The story's catalyst is a young Englishman who comes to China at the dawn of the 20th century to make his fortune. Raymond Wallace, played nicely by Jared Harris, is immediately frustrated in his efforts to amaze the people of Peking with the images generated by his hand-cranked cameras and projectors. Centuries of isolation have left the Chinese suspicious of outsiders and uneager to welcome either Europeans or technologies that will change their way of life.
So Liu Jing Lun convinces Wallace to hire him to introduce motion pictures to thewary Chinese. Liu's love for gadgets makes him susceptible to the powerful lure of movies. Actor Xia Yu superbly suggests the ways in which this young man's powerful enthusiasms pull him to a future he is certain will be rich with wonders.
One of those wonders, he hopes, is Ling (Xing Yufei), the beautiful daughter of Peking's most celebrated opera star. That's tough because Liu's family has arranged to marry him to a wealthy widow. Further, the traditionally conservative opera singer is wary of allowing his daughter to wed a man who appears not to respect the arts and other heritages that have made the opera singer rich, famous and happy. These are obstacles familiar from hundreds of stories about young love, and they are managed in ways that probably won't surprise but almost certainly will satisfy.

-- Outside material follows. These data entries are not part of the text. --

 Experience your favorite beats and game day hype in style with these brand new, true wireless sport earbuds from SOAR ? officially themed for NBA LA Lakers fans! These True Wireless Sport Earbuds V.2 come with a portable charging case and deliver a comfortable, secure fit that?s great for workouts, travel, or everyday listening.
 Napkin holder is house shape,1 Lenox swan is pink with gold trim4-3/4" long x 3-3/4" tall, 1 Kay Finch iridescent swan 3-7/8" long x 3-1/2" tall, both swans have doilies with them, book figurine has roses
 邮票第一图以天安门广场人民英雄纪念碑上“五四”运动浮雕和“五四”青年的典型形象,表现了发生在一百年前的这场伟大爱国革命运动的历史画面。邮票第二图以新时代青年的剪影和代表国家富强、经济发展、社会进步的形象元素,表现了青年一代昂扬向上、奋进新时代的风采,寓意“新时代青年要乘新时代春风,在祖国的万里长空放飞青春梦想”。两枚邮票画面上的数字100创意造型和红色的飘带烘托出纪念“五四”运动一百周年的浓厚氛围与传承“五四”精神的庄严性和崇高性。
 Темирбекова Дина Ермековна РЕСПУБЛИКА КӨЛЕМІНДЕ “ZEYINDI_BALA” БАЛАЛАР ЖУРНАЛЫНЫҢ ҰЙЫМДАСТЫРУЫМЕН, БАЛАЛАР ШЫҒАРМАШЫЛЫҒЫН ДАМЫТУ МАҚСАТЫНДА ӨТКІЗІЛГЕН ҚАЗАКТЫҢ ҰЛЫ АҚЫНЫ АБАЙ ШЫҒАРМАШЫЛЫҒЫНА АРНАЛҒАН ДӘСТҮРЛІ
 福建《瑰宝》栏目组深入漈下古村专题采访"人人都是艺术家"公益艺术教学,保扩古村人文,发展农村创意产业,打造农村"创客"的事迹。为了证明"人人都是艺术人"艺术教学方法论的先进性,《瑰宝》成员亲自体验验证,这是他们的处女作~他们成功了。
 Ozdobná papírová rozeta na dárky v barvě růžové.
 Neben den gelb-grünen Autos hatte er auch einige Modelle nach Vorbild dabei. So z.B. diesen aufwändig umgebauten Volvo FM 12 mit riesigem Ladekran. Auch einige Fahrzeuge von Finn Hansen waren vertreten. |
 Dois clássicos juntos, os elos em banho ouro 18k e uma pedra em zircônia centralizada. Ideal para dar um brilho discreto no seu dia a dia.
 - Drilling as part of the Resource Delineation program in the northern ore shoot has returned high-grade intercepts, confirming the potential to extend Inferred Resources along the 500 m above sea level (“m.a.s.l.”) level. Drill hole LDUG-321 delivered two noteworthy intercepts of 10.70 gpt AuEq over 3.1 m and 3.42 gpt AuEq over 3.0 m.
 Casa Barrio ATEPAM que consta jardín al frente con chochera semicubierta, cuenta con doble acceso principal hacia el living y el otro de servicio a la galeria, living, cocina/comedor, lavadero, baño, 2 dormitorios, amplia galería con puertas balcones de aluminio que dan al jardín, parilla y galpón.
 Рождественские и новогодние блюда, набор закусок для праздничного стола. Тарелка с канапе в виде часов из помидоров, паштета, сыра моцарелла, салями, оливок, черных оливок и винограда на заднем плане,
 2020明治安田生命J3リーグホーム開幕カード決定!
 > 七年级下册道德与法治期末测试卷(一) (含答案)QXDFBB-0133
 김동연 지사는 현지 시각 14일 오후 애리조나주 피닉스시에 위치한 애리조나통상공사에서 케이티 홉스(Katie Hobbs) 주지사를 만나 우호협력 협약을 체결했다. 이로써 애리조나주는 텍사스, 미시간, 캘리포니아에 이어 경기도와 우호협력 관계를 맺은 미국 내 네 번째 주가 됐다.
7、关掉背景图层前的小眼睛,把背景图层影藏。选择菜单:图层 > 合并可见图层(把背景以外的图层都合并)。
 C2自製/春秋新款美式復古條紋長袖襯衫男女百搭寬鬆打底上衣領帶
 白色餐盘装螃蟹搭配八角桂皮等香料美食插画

Shadow Magic's jubilation about the magic of movies is reminiscent of the similarly celebratory Cinema Paradiso (1988), although there is more food for thought in this one than in that airy Italian confection.
In Shadow Magic there are perhaps some echoes of another terrific Chinese film, King of Masks (1997). In that one an ancient Chinese art form might die amid the tumultuous changes in pre-WWII China. In both movies there is a sense that traditions are being lost and that whatever is replacing them might be less enriching. In both movies there are affecting characters whose efforts to cope with progress are rendered with affection.
But Hu has created an original in Shadow Magic, and she has done so with impressive deftness. Except for a tiny piece of heavyhanded symbolism involving the Great Wall and a bit of dialogue that hammers that already too-obvious message, everything in Hu's direction is assured and dexterous.
On the one hand, she has crafted an enthralling celebration of the power of movies to open up unknown worlds. But on the other, she has sensitively acknowledged that the seeming relentless advance of such miracles can upset and even frighten people for whom the wonders of tradition are enough.
Hu loves people and movies. She and her cast and crew have given an entrancing gift to everyone else who loves them as well.